The sectarian system
Lebanon's religious divisions are extremely complicated, and the country is made up by a multitude of religious groupings. The ecclesiastical and demographic patterns of the sects and denominations are complex. Divisions and rivalries between groups date back as far as 15 centuries, and still are a factor today. The pattern of settlement has changed little since the 7th century, but instances of civil strife and ethnic cleansing, most recently during the Lebanese Civil War, has brought some important changes to the religious map of the country. (See also History of Lebanon.)

Lebanon has by far the largest proportion of Christians of any Middle Eastern country, but both Christians and Muslims are sub-divided into many splinter sects and denominations. Population statistics are highly controversial. The various denominations and sects each have vested interests in inflating their own numbers. Shias, Sunnis, Maronites and Eastern Orthodox (the four largest denominations) all often claim that their particular religious affiliation holds a majority in the country, adding up to over 150% of the total population, even before counting the other denominations. One of the rare things that most Lebanese religious leaders will agree on is to avoid a new general census, for fear that it could trigger a new round of denominational conflict. The last official census was performed in 1932.

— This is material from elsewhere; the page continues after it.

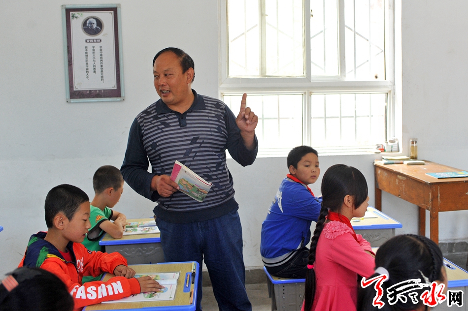 這是麥積區(qū)東岔鎮(zhèn)龍鳳小學(xué)。2018年9月6日上午11時許,記者來到學(xué)校,正值第4節(jié)課,校長李繼承在為四年級的12名學(xué)生上英語。
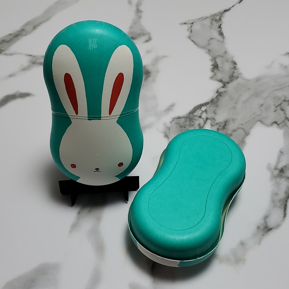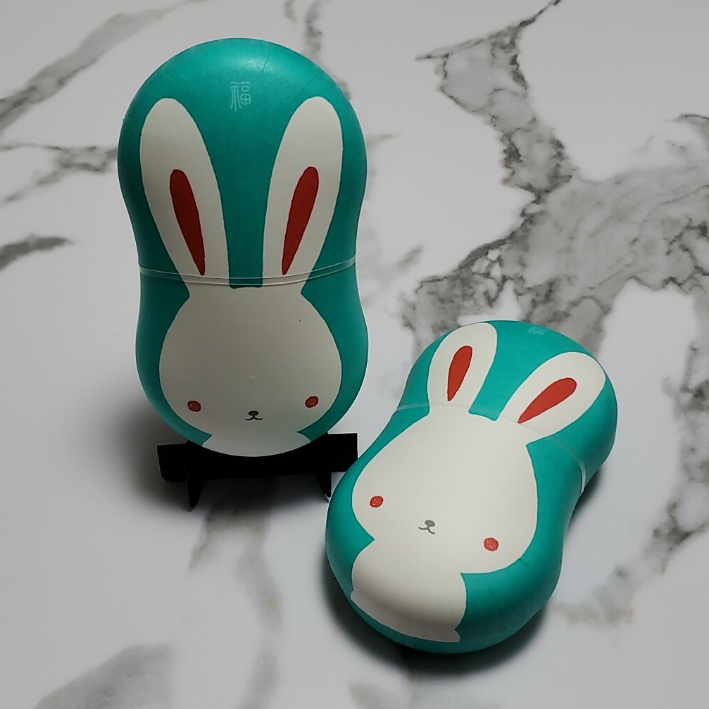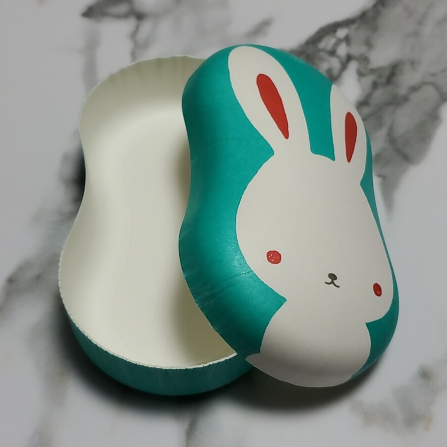 有限会社アート一陽様(出雲縁起うさぎ:福) 製品名:繭玉容器Ⅲ サイズ:156×86×51mmH 仕様:特色3色印刷+OPニス 使用用途:食品二次容器(菓子) 紙うつわ®の代表的な「繭玉容器Ⅲ」に蓋にうさぎ柄を施し、蓋の背景と本体を青緑色に印刷し、「出雲縁起うさぎ:福」として「シャインマスカットサブレ」を入れて販売。 パッケージを飾る「福」の文字には、幸福が訪れますようにという願いが込められています。活動や再生、復活の色とされる青緑は、社交運や仕事運に相乗効果があるといわれています。 お問い合わせはこちら

Religion has traditionally been of overriding importance in defining the Lebanese population. Dividing state power between the religious denominations and sects, and granting religious authorities judicial power, dates back to Ottoman times (the millet system). The practice was reinforced during French mandate, when Christian groups were granted privileges. This system of government, while partly intended as a compromise between sectarian demands, has caused tensions that still dominate Lebanese politics to this day.

The Christian population majority is believed to have ended in the early 1970s, but government leaders would agree to no change in the political power balance. This led to Muslim demands for increased representation, and the constant sectarian tension slid into violent conflict in 1958 (prompting U.S. intervention) and again in the grueling Lebanese Civil War, in 1975–90.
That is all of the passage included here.